§ **Instructions for the task**
Quote all of the data exactly as given. Skip every picture it contains.

§ **Records for this task**
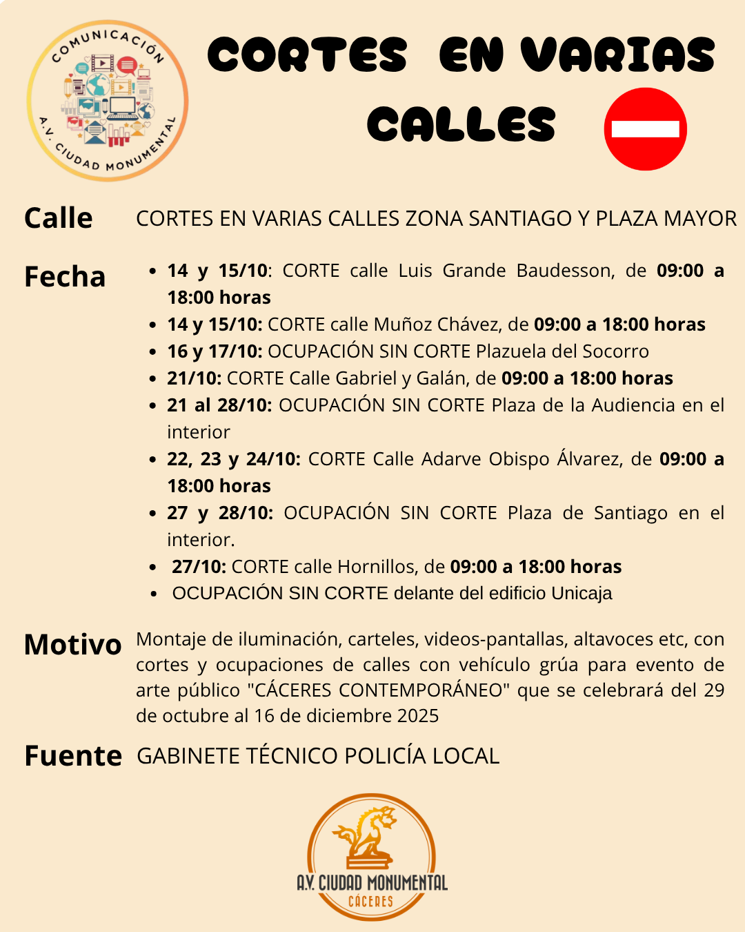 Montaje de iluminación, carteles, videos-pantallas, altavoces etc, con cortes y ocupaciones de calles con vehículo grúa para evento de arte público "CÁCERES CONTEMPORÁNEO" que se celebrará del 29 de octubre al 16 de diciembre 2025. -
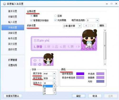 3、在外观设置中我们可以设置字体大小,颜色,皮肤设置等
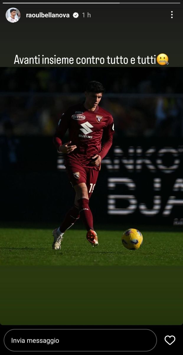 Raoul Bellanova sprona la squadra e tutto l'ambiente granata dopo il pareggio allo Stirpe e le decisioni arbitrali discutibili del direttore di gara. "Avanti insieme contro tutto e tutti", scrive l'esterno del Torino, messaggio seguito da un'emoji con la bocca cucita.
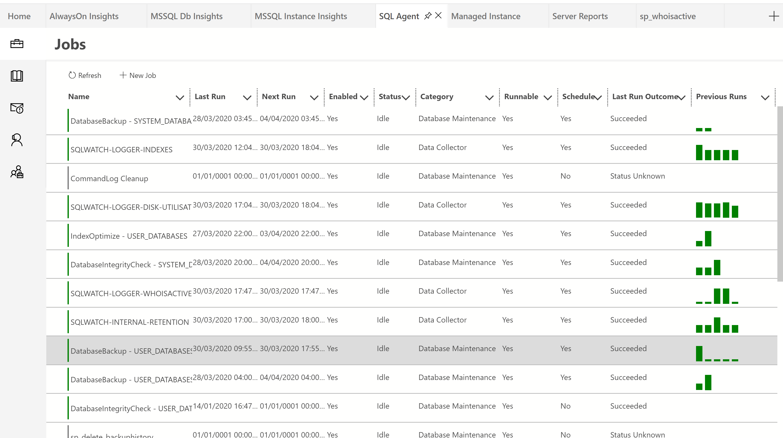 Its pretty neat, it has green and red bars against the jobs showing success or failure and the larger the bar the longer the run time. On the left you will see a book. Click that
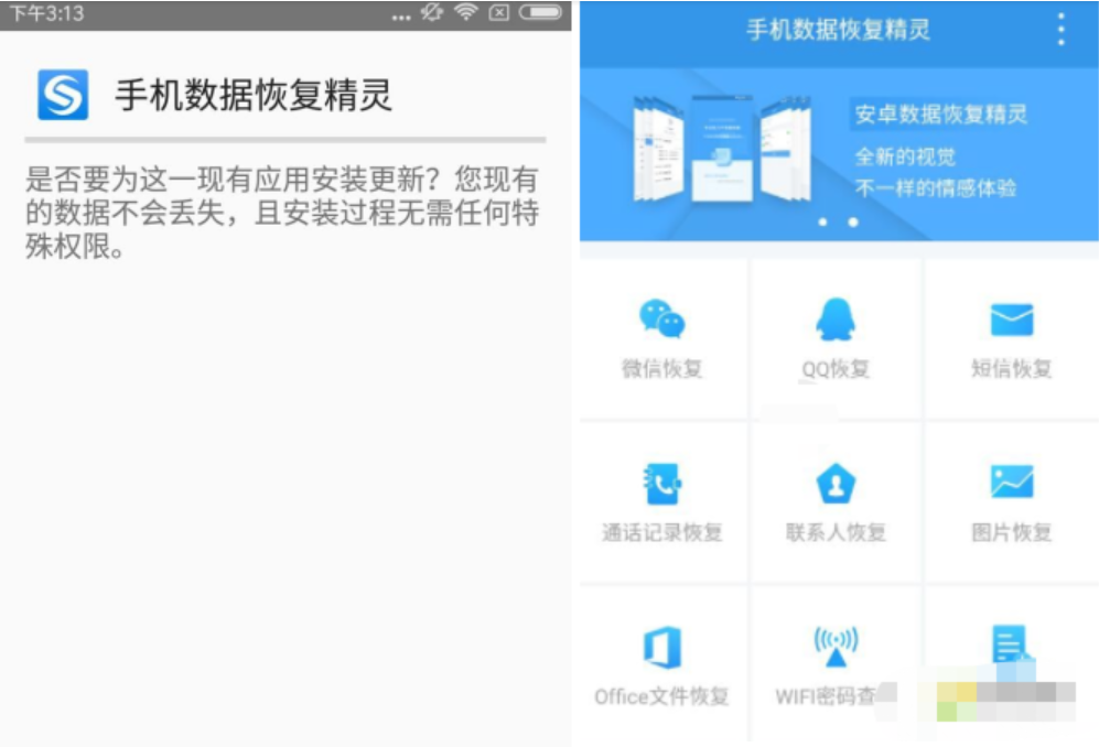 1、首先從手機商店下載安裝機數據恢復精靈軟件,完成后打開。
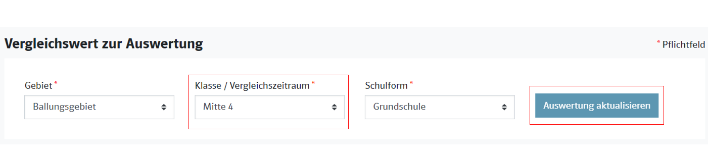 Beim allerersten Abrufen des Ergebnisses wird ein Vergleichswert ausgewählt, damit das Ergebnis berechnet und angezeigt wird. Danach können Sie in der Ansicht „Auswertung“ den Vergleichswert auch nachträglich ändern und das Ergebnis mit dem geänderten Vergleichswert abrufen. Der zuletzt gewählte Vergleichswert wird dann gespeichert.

§ **Reply to the task**
 Montaje de iluminación, carteles, videos-pantallas, altavoces etc, con cortes y ocupaciones de calles con vehículo grúa para evento de arte público "CÁCERES CONTEMPORÁNEO" que se celebrará del 29 de octubre al 16 de diciembre 2025. -
 3、在外观设置中我们可以设置字体大小,颜色,皮肤设置等
 Raoul Bellanova sprona la squadra e tutto l'ambiente granata dopo il pareggio allo Stirpe e le decisioni arbitrali discutibili del direttore di gara. "Avanti insieme contro tutto e tutti", scrive l'esterno del Torino, messaggio seguito da un'emoji con la bocca cucita.
 Its pretty neat, it has green and red bars against the jobs showing success or failure and the larger the bar the longer the run time. On the left you will see a book. Click that
 1、首先從手機商店下載安裝機數據恢復精靈軟件,完成后打開。
 Beim allerersten Abrufen des Ergebnisses wird ein Vergleichswert ausgewählt, damit das Ergebnis berechnet und angezeigt wird. Danach können Sie in der Ansicht „Auswertung“ den Vergleichswert auch nachträglich ändern und das Ergebnis mit dem geänderten Vergleichswert abrufen. Der zuletzt gewählte Vergleichswert wird dann gespeichert.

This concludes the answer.